Deux stratégies distinctes pour les banques

Deux stratégies pourraient donc s'affronter : d'un côté, les banques qui ont déjà réalisé leurs objectifs pour l'année risquent d'augmenter légèrement leurs taux immobiliers, car elles n'ont plus besoin d'attirer de nouveaux clients. À l'inverse, celles qui ont eu plus de difficultés ces derniers mois et qui sont en retard pourraient être tentées de baisser un peu leurs taux pour bien terminer l'année.

« Il y a bien deux stratégies, entre des banques dans le besoin qui sont plus offensives pour capter des clients et celles qui ont déjà été conquérantes et qui vont lever un peu le pied en attendant le taux d'usure au 1er octobre », note Cécile Roquelaure, qui explique qu'un partenaire bancaire a déjà annoncé une baisse de 20 points de base à venir :

Les taux moyens dans les banques début septembre

    • Sur 15 ans : 1,71% selon Le Partenaire ; 1,70% pour Empruntis ; 1,76% d'après Pretto ; 1,76% pour Meilleurtaux.
    • Sur 20 ans : 1,84% selon Le Partenaire ; 1,85% pour Empruntis ; 1,94% d'après Pretto ; 1,92% pour Meilleurtaux.
    • Sur 25 ans : 2,01% en moyenne selon Le Partenaire ; 2% pour Empruntis ; 2,07% d'après Pretto ; 2,07% pour Meilleurtaux.

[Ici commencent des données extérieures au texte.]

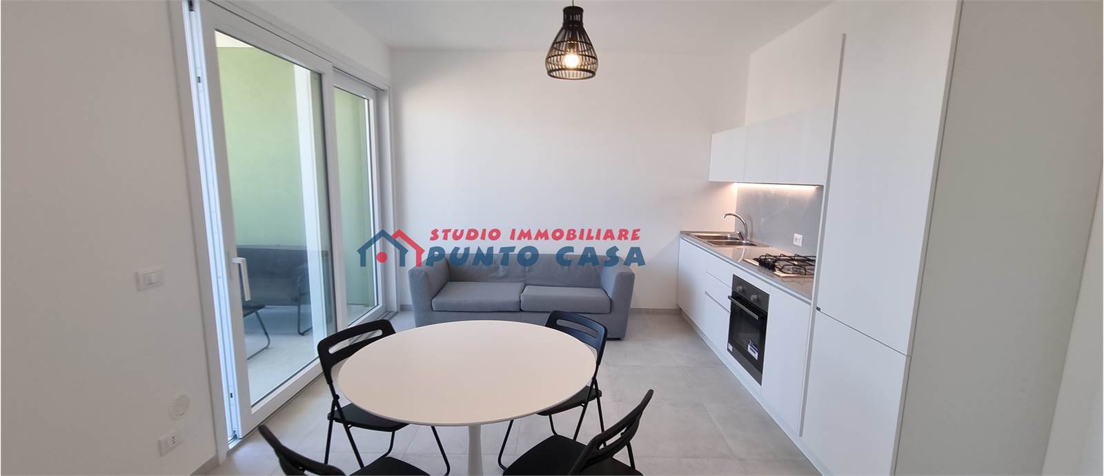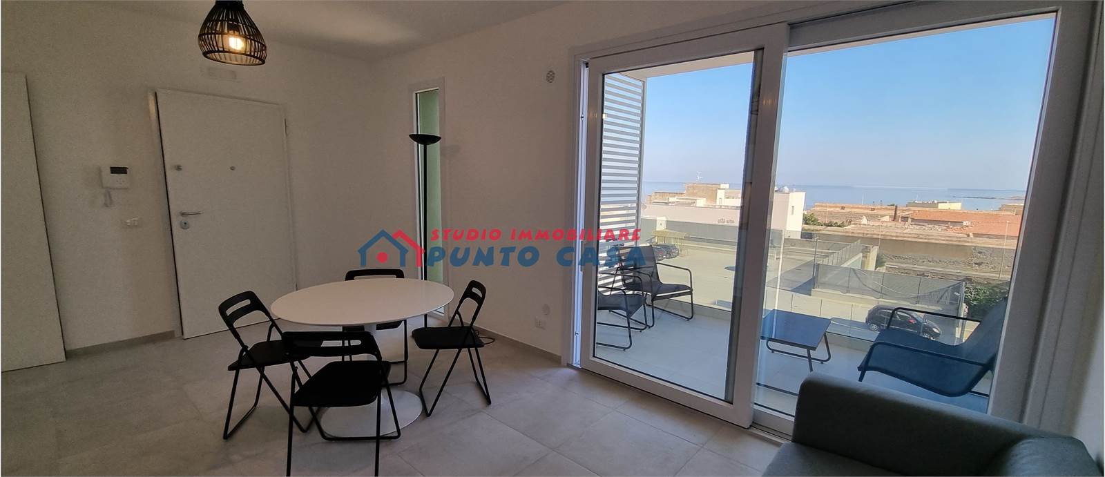 - ingresso su soggiorno con cucina a vista e portafinestra conducente a veranda con vista mare, cucina completa di elettrodomestici, tavolo rotondo con 4 sedie, divano a due posti.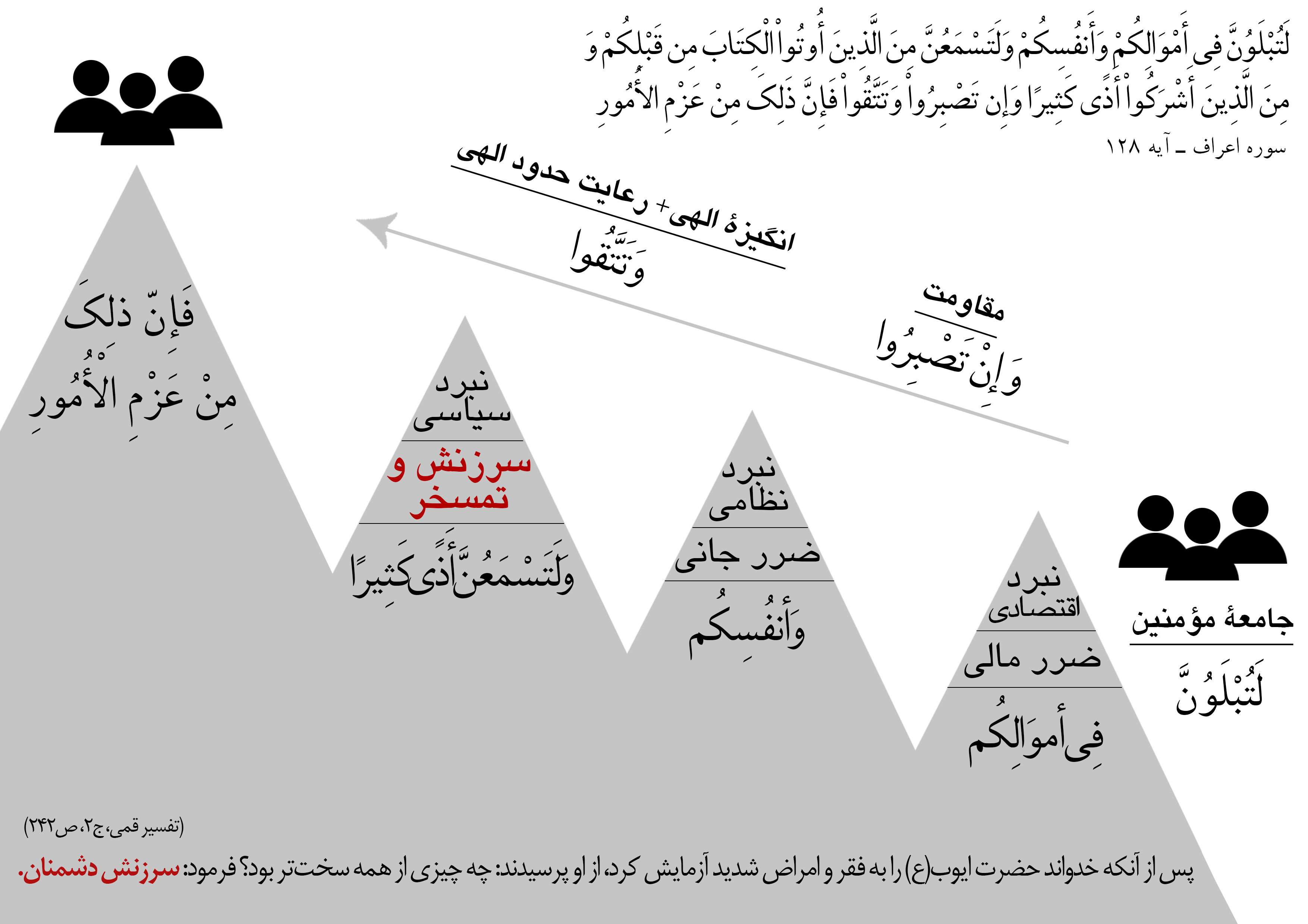 «لَتَسْمَعُنَّ مِنَ الَّذینَ أُوتُوا الْکِتابَ» انگار این سنّت الهی است که یکی از آزمایشهای مؤمنین این است که حرف بشنوند و محکم بایستند. آنهایی که حرف شنیدند و محکم ایستادند حماسهگر میشوند. بعد میفرماید راه حل عبور از این سه نوع مشکل چیست؟ ابتلاء جان، ابتلاء مال، - به تعبیر بنده در زمینههای نظامی و اقتصادی. و در عرصۀ جنگ روانی که علیهمان راه میاندازند، چهکار باید بکنیم؟ «وَ إِنْ تَصْبِرُوا وَ تَتَّقُوا فَإِنَّ ذلِکَ مِنْ عَزْمِ الْأُمُورِ» باید مقاومت کنید.

    Taux moyens constatés par les réseaux de courtage, sur la base des barèmes fournis par les banques. Ils ne tiennent pas compte du coût de l'assurance emprunteur.

Alors que le taux d'usure, le taux maximum auquel les banques peuvent accorder un crédit, est toujours fixé à 2,57% pour les prêts d'une durée d'au moins 20 ans, et même 2,60% pour les durées plus faibles, les banques qui voudraient attirer de nouveaux clients ne peuvent de toute façon plus se permettre d'augmenter leurs taux. Car à ces derniers s'ajoutent le taux de l'assurance emprunteur, les frais de dossier ainsi que les éventuels frais de courtage. Autant de coûts qui font gonfler le taux global du crédit qui doit donc passer sous la barre des 2,57%.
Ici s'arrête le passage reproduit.